For a concrete case, consider the third example presented earlier --
computing an inner product of two vectors, that is

x[0]*y[0] + x[1]*y[1] + x[2]*y[2] + . . . + x[N-1]*y[N-1]

where x and y are double arrays.  Consider the possibilities for a
function that might be found in the widely used LINPACK or LAPACK
libraries.

1. The current Java spec suggests that all intermediate operations
   should produce double results.  Sparc and Mips processors work
   this way.

2. PowerPC users might expect fused multiply-add to speed the loop.

3. Pentium users would expect intermediate operations to enjoy
   extended range and precision.

4. Followers of the work of Kulisch and Miranker would demand that
   the sum be computed with JUST ONE rounding error -- a facility
   provided by the ACRITH package in some IBM hardware and other
   software.

Option 4 is the most accurate, but its cost is high given the range
of the IEEE double format.  Options 1-3 are fastest on their
respective architectures, with 3 almost certainly likely to be the
most accurate of them.

Who will decide what's right and how much who must pay to get this
right result?

The question is even more subtle in the realm of transcendental
functions like cos() or exp(), some of which require argument
reduction, too.  Not even Prof. W. Kahan of U. C. Berkeley,
who received the ACM Turing Award for his work on the IEEE standard
and his numerical nit-pickiness, could want to sit on such a
Numerical Governing Board.

And if the issue isn't sufficiently intractable mathematically,
consider the forces of the marketplace, in which faster code,
often at the expense of some accuracy but quite often without
sacrificing key properties like monotonicity, can create its
own market.

Identical results from any but the simplest expressions are
a hopeless cause.  An attempt at such a rigid standard could
lead to a specification conformed to only by the implementation
blessed with the choice of the "right" result of any computation.
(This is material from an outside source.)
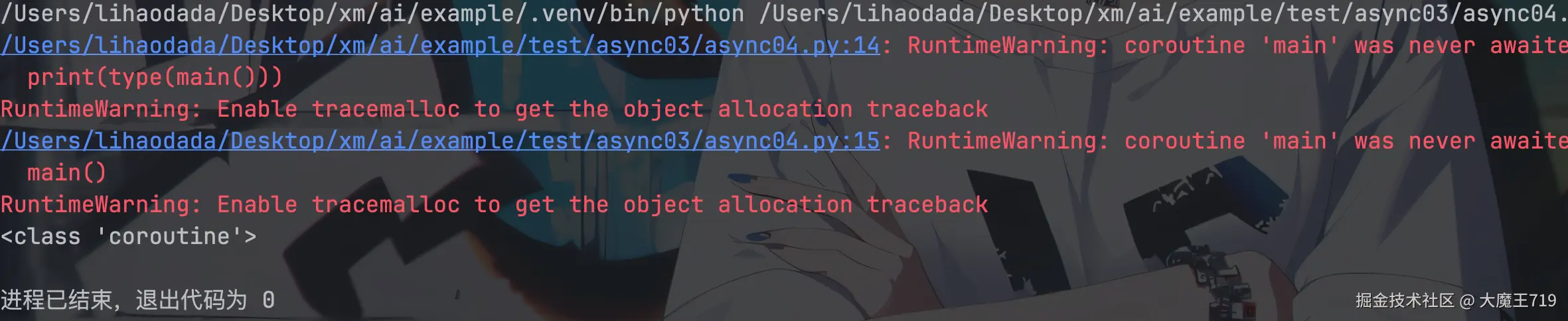 发现除了打印了类型外main执行直接就报错了: RuntimeWarning: coroutine 'main' was never awaited main() RuntimeWarning: Enable tracemalloc to get the object allocation traceback 报错的信息是协程没有使用await ,那我们加上await

Java Can Have Robust, Portable Floating Point Computation

As specified today, Java makes numerical sense only on processors
like Sun's Sparc that support only basic arithmetic on float and
double operands; users of other processors suffer one form of
degradation or another.

Ultimately, one hopes users will strive for a correct answer,
not the same answer.  In over a decade since its adoption, IEEE-754
has driven the industry toward common data formats and higher
quality results.  Over the past seven years, work on the new
C9X standard has exposed techniques to make the features of IEEE
arithmetic available portably.  It's time for the Java community
to take note of that progress, to open the standard to the real
diversity of existing, standard floating point architectures, and
achieve a truly high performance, portable design that is
architecture neutral in a numerically sensible way.

Jerome Coonen
C-Labs
4035 Orme St.
Palo Alto, CA  94306
jeromeabe.com

Background

Jerome T. Coonen received his Ph.D. in mathematics from U. C. Berkeley
for work with W. Kahan on the design and early implementation of the
IEEE binary floating point standard.  He worked at Apple Computer
for a decade and nowadays consults on floating point issues with
Exponential Technology, Metrowerks, Apple, Microsoft, and SunSoft.